Among the entries below, only the lines from the one with "Chic coastal style" through the one with "Aufgrund von alten" are wanted, reproduced exactly. Pictures are not wanted.

___ Given data ___

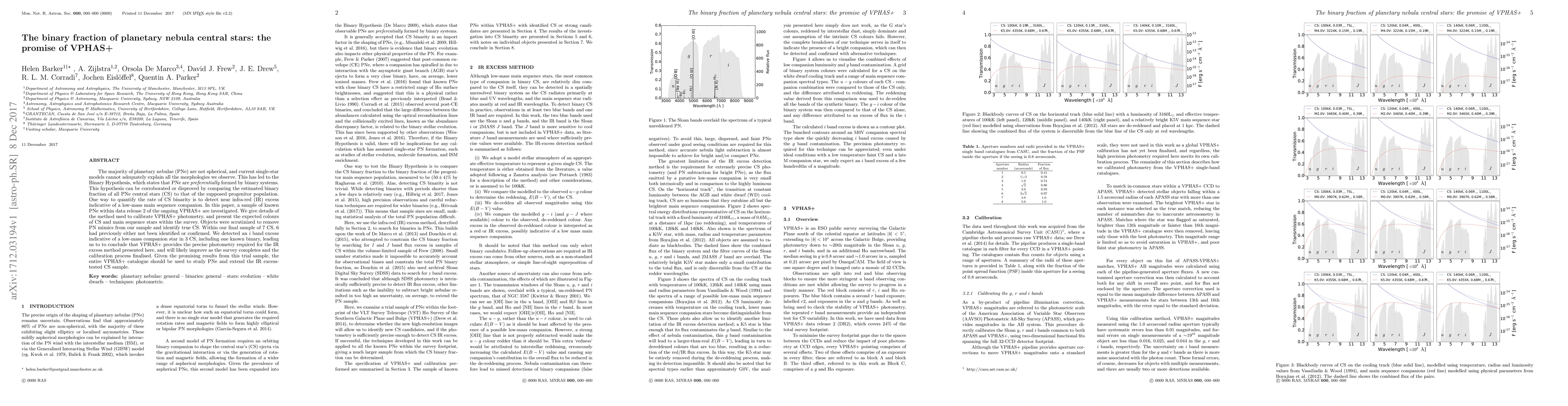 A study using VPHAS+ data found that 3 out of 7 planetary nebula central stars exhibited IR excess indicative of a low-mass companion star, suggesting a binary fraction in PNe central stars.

___
___ Given data ___

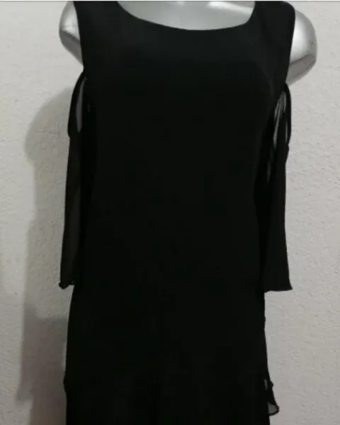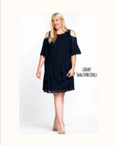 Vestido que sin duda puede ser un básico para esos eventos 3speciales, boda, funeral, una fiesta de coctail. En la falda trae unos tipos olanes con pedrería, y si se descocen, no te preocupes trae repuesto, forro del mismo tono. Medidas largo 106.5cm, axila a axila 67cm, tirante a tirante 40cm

___
___ Given data ___

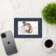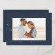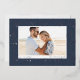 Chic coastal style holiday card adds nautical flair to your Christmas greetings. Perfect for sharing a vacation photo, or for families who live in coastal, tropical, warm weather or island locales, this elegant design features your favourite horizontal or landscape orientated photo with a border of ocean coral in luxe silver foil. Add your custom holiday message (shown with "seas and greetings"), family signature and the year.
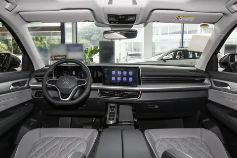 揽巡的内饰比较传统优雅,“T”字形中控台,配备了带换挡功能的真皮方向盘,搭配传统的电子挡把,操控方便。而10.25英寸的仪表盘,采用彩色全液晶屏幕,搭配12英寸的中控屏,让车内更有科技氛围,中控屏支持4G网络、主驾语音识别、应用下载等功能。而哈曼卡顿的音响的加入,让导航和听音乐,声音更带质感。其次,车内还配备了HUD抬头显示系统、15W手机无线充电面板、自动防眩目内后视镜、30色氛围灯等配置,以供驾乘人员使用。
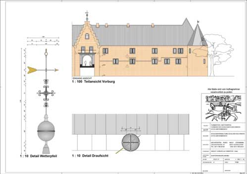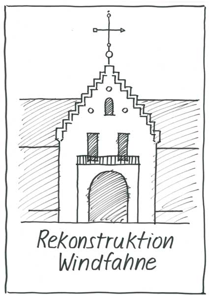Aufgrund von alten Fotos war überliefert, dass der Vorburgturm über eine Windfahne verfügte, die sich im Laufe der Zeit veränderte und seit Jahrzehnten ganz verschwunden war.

___

* **Task response**
 Chic coastal style holiday card adds nautical flair to your Christmas greetings. Perfect for sharing a vacation photo, or for families who live in coastal, tropical, warm weather or island locales, this elegant design features your favourite horizontal or landscape orientated photo with a border of ocean coral in luxe silver foil. Add your custom holiday message (shown with "seas and greetings"), family signature and the year.
 揽巡的内饰比较传统优雅,“T”字形中控台,配备了带换挡功能的真皮方向盘,搭配传统的电子挡把,操控方便。而10.25英寸的仪表盘,采用彩色全液晶屏幕,搭配12英寸的中控屏,让车内更有科技氛围,中控屏支持4G网络、主驾语音识别、应用下载等功能。而哈曼卡顿的音响的加入,让导航和听音乐,声音更带质感。其次,车内还配备了HUD抬头显示系统、15W手机无线充电面板、自动防眩目内后视镜、30色氛围灯等配置,以供驾乘人员使用。
Aufgrund von alten Fotos war überliefert, dass der Vorburgturm über eine Windfahne verfügte, die sich im Laufe der Zeit veränderte und seit Jahrzehnten ganz verschwunden war.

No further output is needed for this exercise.